Benefit/risk balance of radiotherapy?	Oncological outcomes	EBRT	bNED: 63 to 96%
			OS: 77 to 92%
			Results are comparable between younger and elderly population.
		BT	5-y bNED: 79.4% to 91.3%
			OS: 79% to 97.8%
			bNED for elderly patients appears similar to that of younger patients.
			OS benefit is discordant especially in super-aged (>80 years).
		ADT	EBRT + ADT > ADT
			Use of ADT in combination with EBRT has to be carefully discussed in elderly patients with moderate or severe comorbidities or the super-aged.
	Toxicity	EBRT	No Grade 4 or 5 reported.
			Toxicities are comparable to younger patients.
			Age does not appear an independent factor.
		BT	Acute toxicities: similar to younger population
			Late toxicities: seem to increase with age (especially GU toxicity).
		QoL	Irradiation is well tolerated (QoL maintained in 75%).
			No predictive factor for QoL deterioration
Impact of comorbidities?	Elderly comorbidities can influence oncological outcomes (OS and CSS) and treatment tolerance (EBRT and/or ADT), with a decrease in specific mortality and an increase of overall mortality.
	While metabolic consequences are well established, cardiovascular and cognitive ADT toxicities remain under investigation.

PC: prostate cancer; CSS: cancer specific survival; OS: overall survival; bNED: biological non-evidence of disease; EBRT: external beam radiation therapy; BT: brachytherapy; ADT: androgen deprivation therapy; GU: genito-urinary; QoL: quality of life.

Conclusion

Elderly patients with localized PC with poor prognostic criteria (intermediate and high-risk) are fully eligible for radical treatment such as radiotherapy, which can be part of a multimodal treatment.

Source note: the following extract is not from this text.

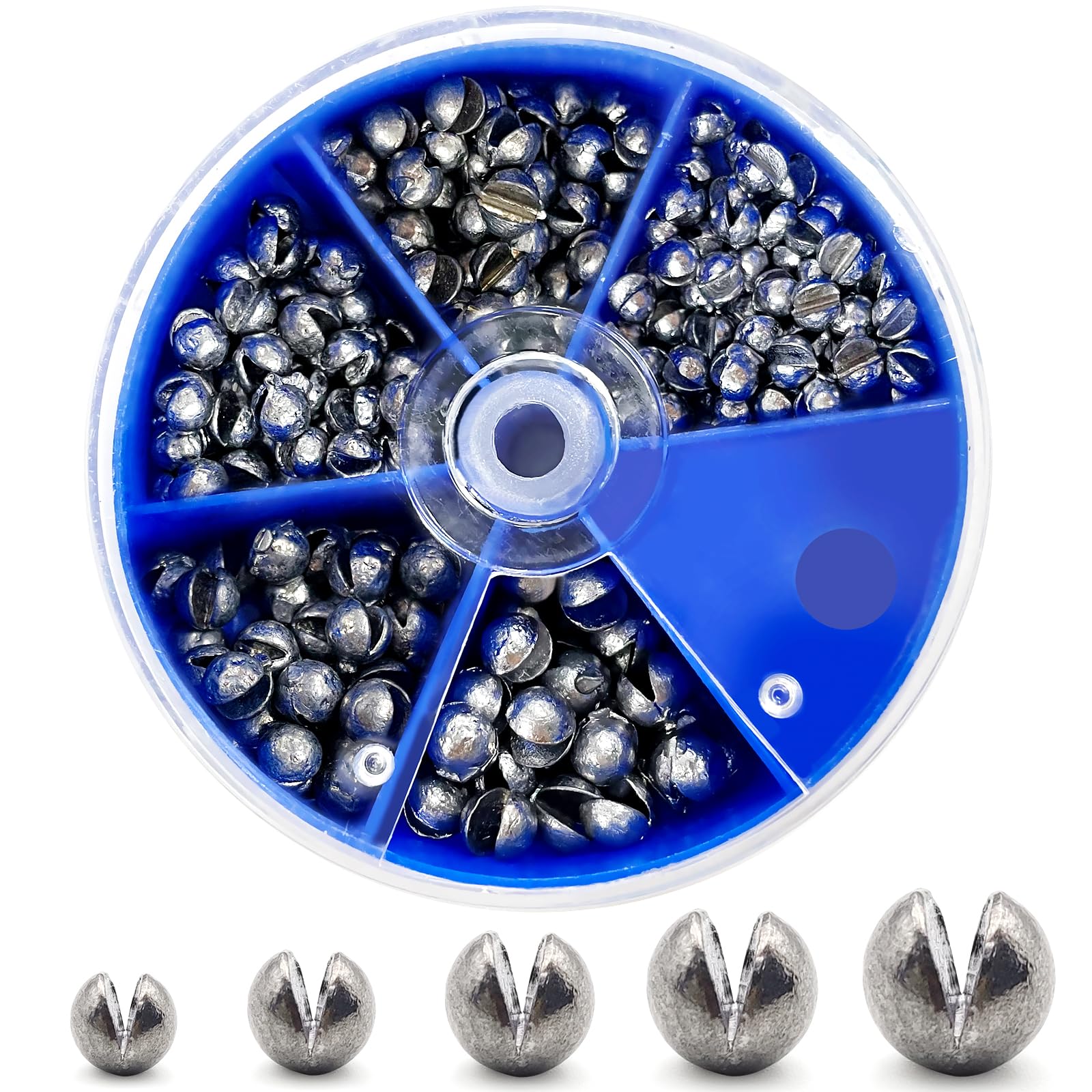 230pcs Fishing Weights Sinkers - Split Shot Fishing Sinkers Kit, 5 Size Round Removable Lead Fishing Weights, 1 Round Box Set Fishing Sinkers for Freshwater Saltwater(Blue Box) (230Pcs)
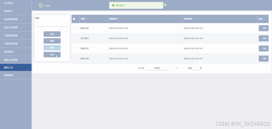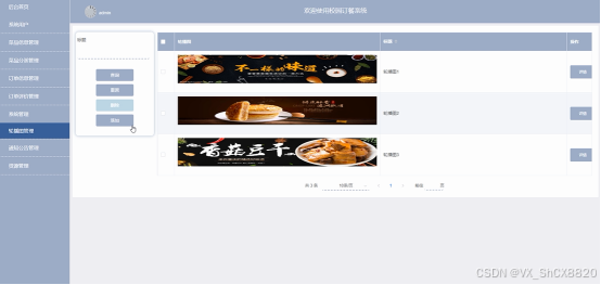 管理员可以对系统前台展示的轮播图进行增删改查,方便用户进行查看。系统管理界面如下图所示。

Patients in good shape even benefit from optimal treatment with ADT and dose escalation by BT with acceptable tolerance. Age alone should not be a barrier to irradiation. It is obviously necessary to assess comorbidities and pre-treatment functional status, optimally with the help of careful oncogeriatric assessment, in order to judiciously identify patients with the greatest benefit at the lowest toxicity.

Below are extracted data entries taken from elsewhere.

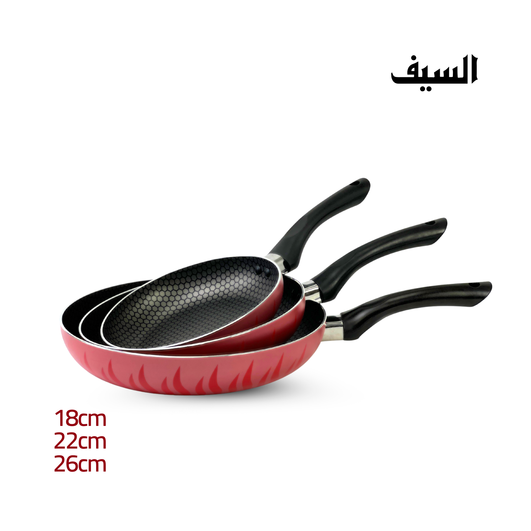 طقم مقالي الشعلة غير اللاصقة من السيف | الأحجام 26 / 22 / 18 سم
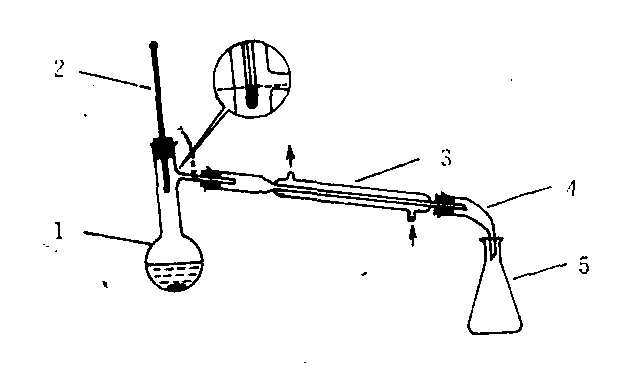 实验室蒸馏装置 1.蒸馏烧瓶 2.温度计 3.水冷凝器4.尾接管 5.接收瓶 蒸馏利用液体混和物中各组分挥发度的不同,进行纯化、分离物质的一种操作。将液体混和物加热至沸,在蒸气中含较多的易挥发组分,而在剩余液中有较多的难挥发组分,因此可使混和液中各组分部分乃至完全分离。 蒸馏利用液体混合物中各组分挥发性不同而通过加热实现完全分离或部分分离组分的方法。通常有简单蒸馏、精馏、恒沸蒸馏、萃取蒸馏、蒸汽蒸馏、真空蒸馏、分子蒸馏等。工业上应用很广泛。 |
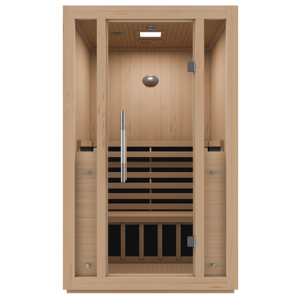 COMFORTING DRY HEAT FROM LOW EMF, CARBON FAR INFRARED HEATING PANEL & REDLIGHT HEATING TUBE — our sauna uses the latest technology to generate a comfortable dry heat that soothes and relaxes, while relieving fatigue and promoting full-body well-being

In the future, prospective data on older adults would help to guide our practices. We must keep in mind the best overall benefit for the patient and thus take into account his wishes and preferences.

Declaration of Competing Interest

The authors declare that they have no known competing financial interests or personal relationships that could have appeared to influence the work reported in this paper.